▶ _AVAILABLE DATA_:

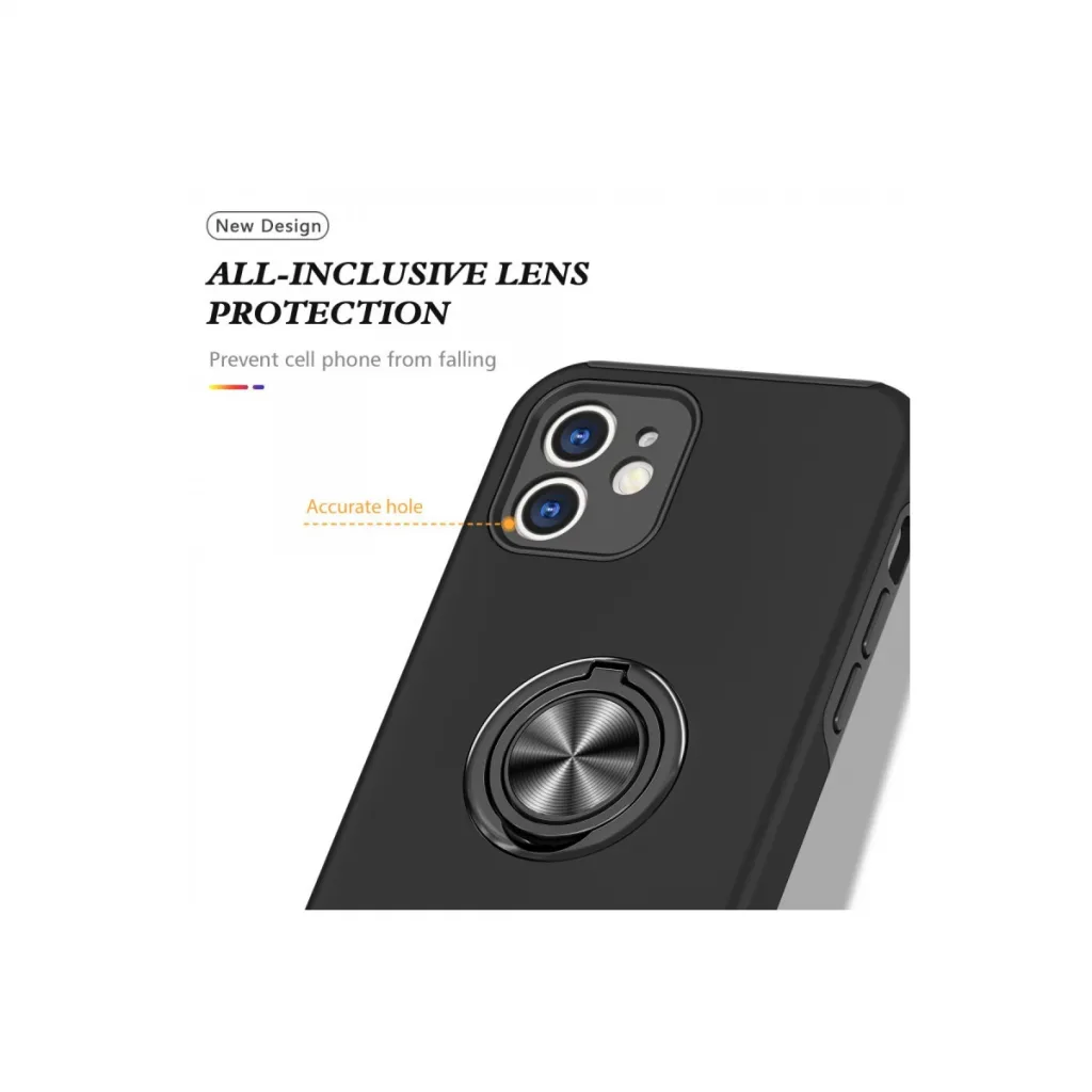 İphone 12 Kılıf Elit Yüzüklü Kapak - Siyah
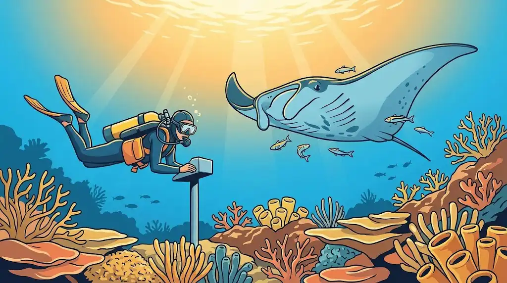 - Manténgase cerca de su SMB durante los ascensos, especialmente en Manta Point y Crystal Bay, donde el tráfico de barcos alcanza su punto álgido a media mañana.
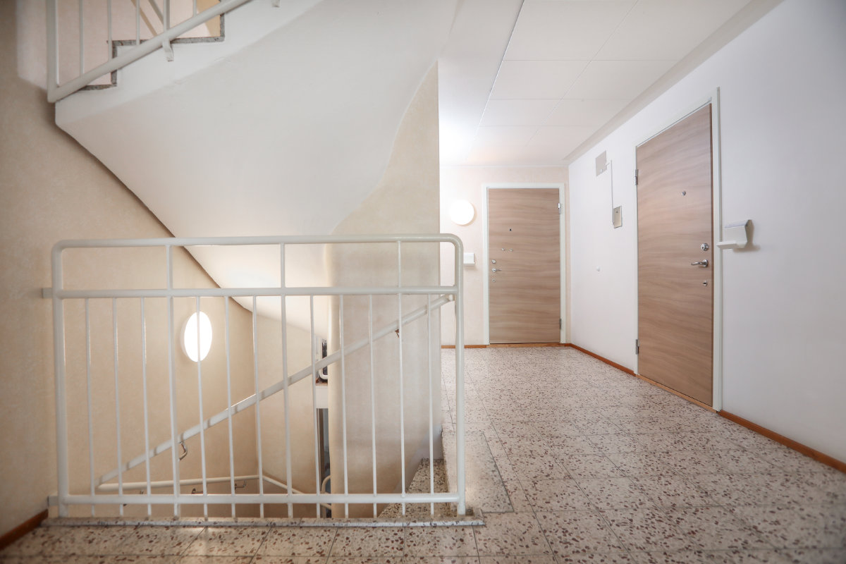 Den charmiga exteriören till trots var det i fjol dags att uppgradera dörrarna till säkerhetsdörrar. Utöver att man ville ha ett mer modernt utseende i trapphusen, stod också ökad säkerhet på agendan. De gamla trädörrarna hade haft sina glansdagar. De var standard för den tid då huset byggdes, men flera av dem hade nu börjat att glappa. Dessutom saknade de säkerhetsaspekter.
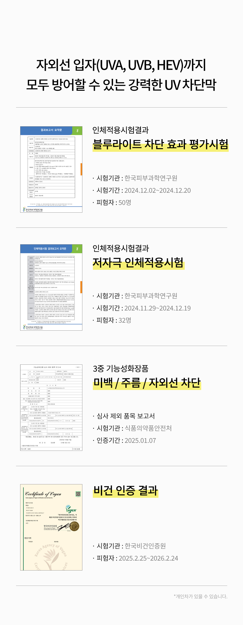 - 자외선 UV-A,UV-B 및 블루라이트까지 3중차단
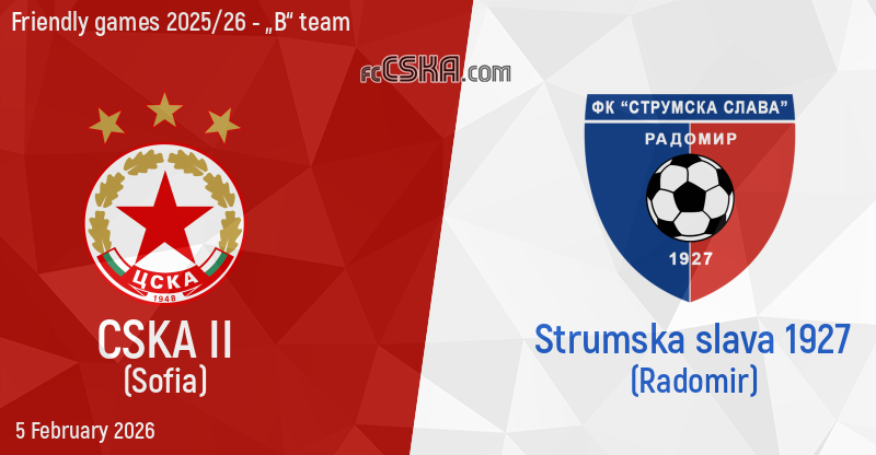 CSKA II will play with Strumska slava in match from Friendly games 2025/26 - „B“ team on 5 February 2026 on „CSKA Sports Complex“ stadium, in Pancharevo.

▶ _YOUR ASSIGNMENT_: Ignoring the pictures, write out word for word only the lines from the one containing "- 자외선 UV-A,UV-B 및 블루라이트까지 3중차단" through the last line of the data, both ends included.

▶ _EXERCISE SOLUTION_:
 - 자외선 UV-A,UV-B 및 블루라이트까지 3중차단
 CSKA II will play with Strumska slava in match from Friendly games 2025/26 - „B“ team on 5 February 2026 on „CSKA Sports Complex“ stadium, in Pancharevo.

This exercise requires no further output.